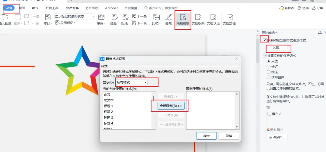 限制编辑可以有效保护文档格式,设置文档权限则可以限制文档的打开和编辑,安全性更高。
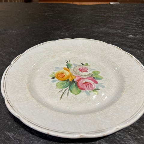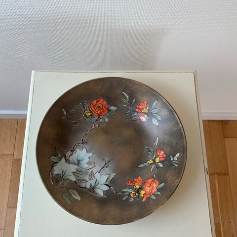 Johann Haviland dekorativ tallerken i blomsterdesign-håndmalet med blomster på en næsten Bourgogne/rød baggrund og gulddekoration omkring tallerkenen. Måler 27 cm" i diameter. Lavet i Tyskland og er stemplet i bunden. E 10933 nr. 28
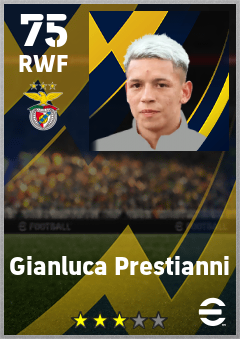 . Gianluca Prestianni is a Right Wing Forward footballer from Argentina who plays for Sl Benfica in eFootball 2026.
•••
* The problem
In repeating the lines above, keep the wording exact and leave every picture out.

* Your solution
 限制编辑可以有效保护文档格式,设置文档权限则可以限制文档的打开和编辑,安全性更高。
 Johann Haviland dekorativ tallerken i blomsterdesign-håndmalet med blomster på en næsten Bourgogne/rød baggrund og gulddekoration omkring tallerkenen. Måler 27 cm" i diameter. Lavet i Tyskland og er stemplet i bunden. E 10933 nr. 28
 . Gianluca Prestianni is a Right Wing Forward footballer from Argentina who plays for Sl Benfica in eFootball 2026.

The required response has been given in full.